## Assignment
From the data below, repeat everything exactly except the images.

## Collected data
══════════════════════════════

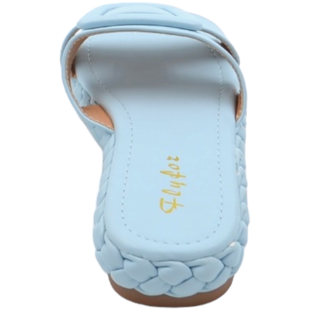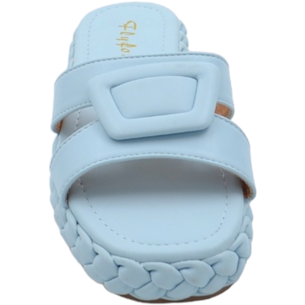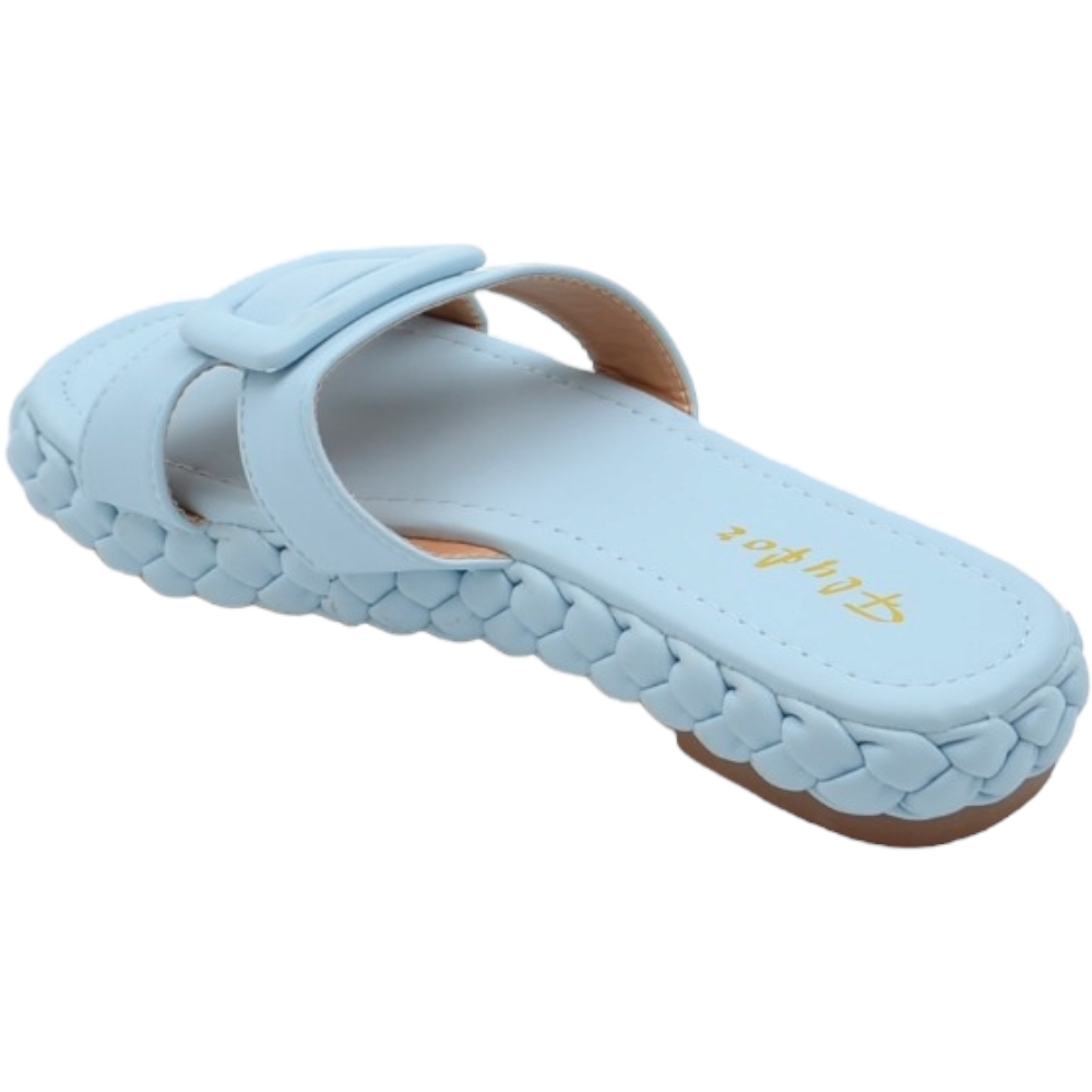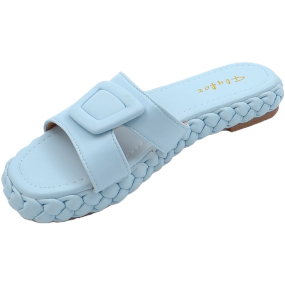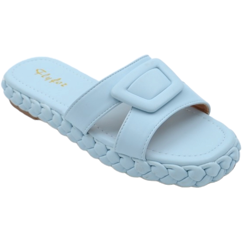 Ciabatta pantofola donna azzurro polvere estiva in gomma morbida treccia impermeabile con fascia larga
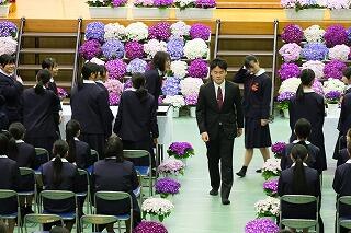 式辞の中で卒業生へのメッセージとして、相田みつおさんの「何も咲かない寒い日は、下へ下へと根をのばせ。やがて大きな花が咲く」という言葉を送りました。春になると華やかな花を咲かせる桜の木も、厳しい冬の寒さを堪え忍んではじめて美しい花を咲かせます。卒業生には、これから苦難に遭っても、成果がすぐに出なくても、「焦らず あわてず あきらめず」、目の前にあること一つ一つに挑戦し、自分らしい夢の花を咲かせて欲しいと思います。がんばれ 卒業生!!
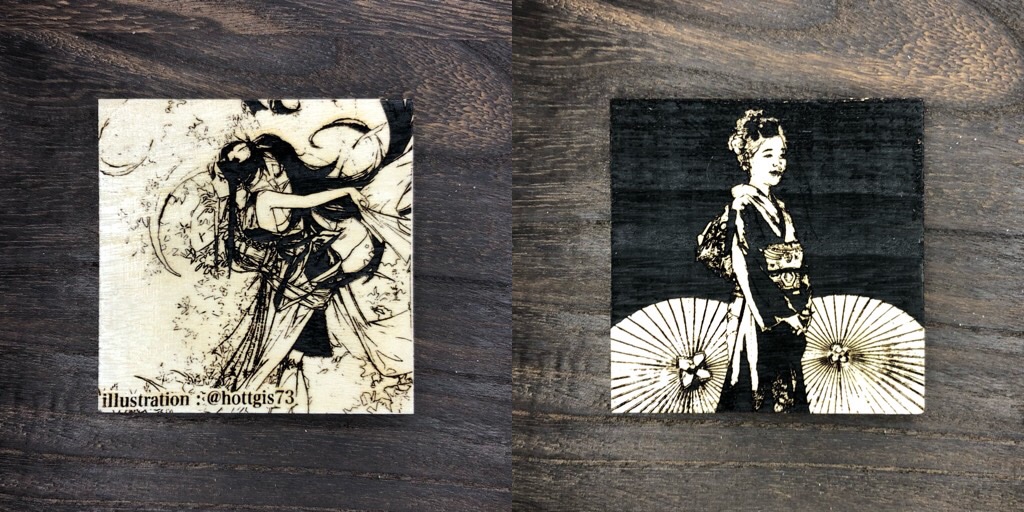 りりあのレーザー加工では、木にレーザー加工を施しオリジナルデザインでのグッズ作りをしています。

══════════════════════════════

## Answer for this exercise
 Ciabatta pantofola donna azzurro polvere estiva in gomma morbida treccia impermeabile con fascia larga
 式辞の中で卒業生へのメッセージとして、相田みつおさんの「何も咲かない寒い日は、下へ下へと根をのばせ。やがて大きな花が咲く」という言葉を送りました。春になると華やかな花を咲かせる桜の木も、厳しい冬の寒さを堪え忍んではじめて美しい花を咲かせます。卒業生には、これから苦難に遭っても、成果がすぐに出なくても、「焦らず あわてず あきらめず」、目の前にあること一つ一つに挑戦し、自分らしい夢の花を咲かせて欲しいと思います。がんばれ 卒業生!!
 りりあのレーザー加工では、木にレーザー加工を施しオリジナルデザインでのグッズ作りをしています。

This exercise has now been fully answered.